Many of you want to diversify your investments and want to go public. Before doing so, we recommend these 6 tips co-written with Boris from Investir-a-la-bourse.com
1 – Invest only the money you are willing to lose
Investment advice is not to invest money for which you have an immediate need. In terms of stock market, the story is still different because it is an investment with higher risks.
Do not invest the savings for the studies of the youngest. The best way to be a good trader is to have an analytical and detached approach. If you are too focused on your losses you will make bad decisions especially guided by fear.
2- Think long term and invest yourself
Doubling your bet in a few weeks can happen, but will be more of a chance than an example of the performance you expect from your investment. The stock market is certainly volatile but over the long term trends are found and a balance always ends up being made.
In addition, the stock market requires a lot of time to train. It is a complex market in perpetual evolution. Throughout your life as an investor, you will have to continue to analyze, observe and train yourself. It is a key condition to become a winner.
You are therefore warned, do not invest in the stock market if you are looking for a short term investment or you have very little time to devote to it. Or choose an investment managed through mutual funds.
3- Keep a trading log
To be rigorous and make sure you only do thoughtful actions, create a trading book. What is it ? This is your investor diary. With each investment, you describe in detail why you make this investment and the plan to execute. Why did you buy this action? What is the expectation in terms of income and in what time frame? What are the risks and do you expect a stop-loss?
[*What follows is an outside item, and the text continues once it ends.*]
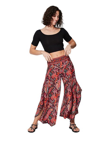 – pas: marszczony- zakończenia nogawek: dzwony, prążkowany ściągacz- krój: prosty- wzór: orientalnyUwaga: Na metkach odzieży tej marki znajdują się rozmiary francuskie. Rozmiarówka została przez nas przeliczona. Podane do wyboru warianty rozmiarów odpowiadają standardowym europejskim rozmiarom konfekcji. Prosimy zapoznać się z zamieszczonym objaśnieniem rozmiarów.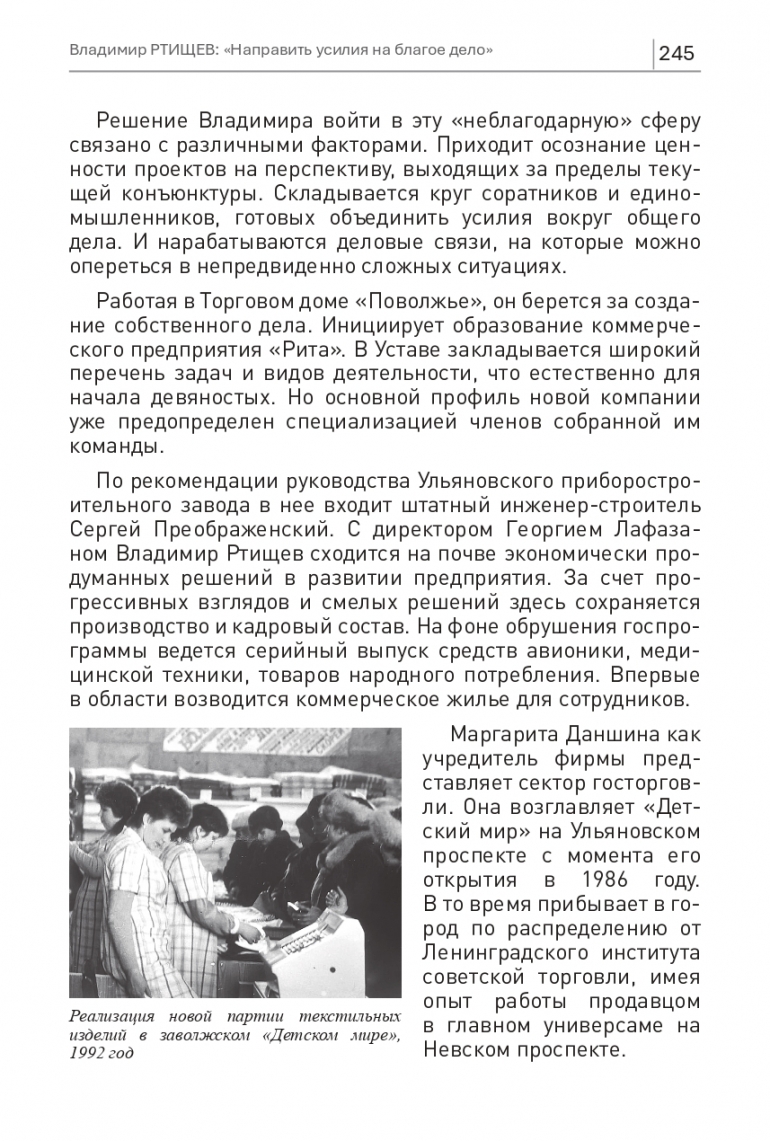 По рекомендации руководства Ульяновского приборостроительного завода в нее входит штатный инженер-строитель Сергей Преображенский. С директором Георгием Лафазаном Владимир Ртищев сходится на почве экономически продуманных решений в развитии предприятия. За счет прогрессивных взглядов и смелых решений здесь сохраняется производство и кадровый состав. На фоне обрушения госпрограммы ведется серийный выпуск средств авионики, медицинской техники, товаров народного потребления. Впервые в области возводится коммерческое жилье для сотрудников.

If you decide to change plans and sell earlier than expected, you will have to explain it. This methodology forces you to always think about your investment actions. It often puts the investor in the face of his own inconsistencies, such as when he reacts too quickly to a column he reads in an economic paper.
It forces you to rationally analyze each of your actions. Scrupulously keeping a trading log will make you a much better trader.
4 – Binary options and forex are not the stock market
It’s always good to remember, binary and forex options are extremely volatile. Unlike the stock market, where capital is invested in companies, forex and binary options are just speculated. That is, we try to estimate an upward or downward trend.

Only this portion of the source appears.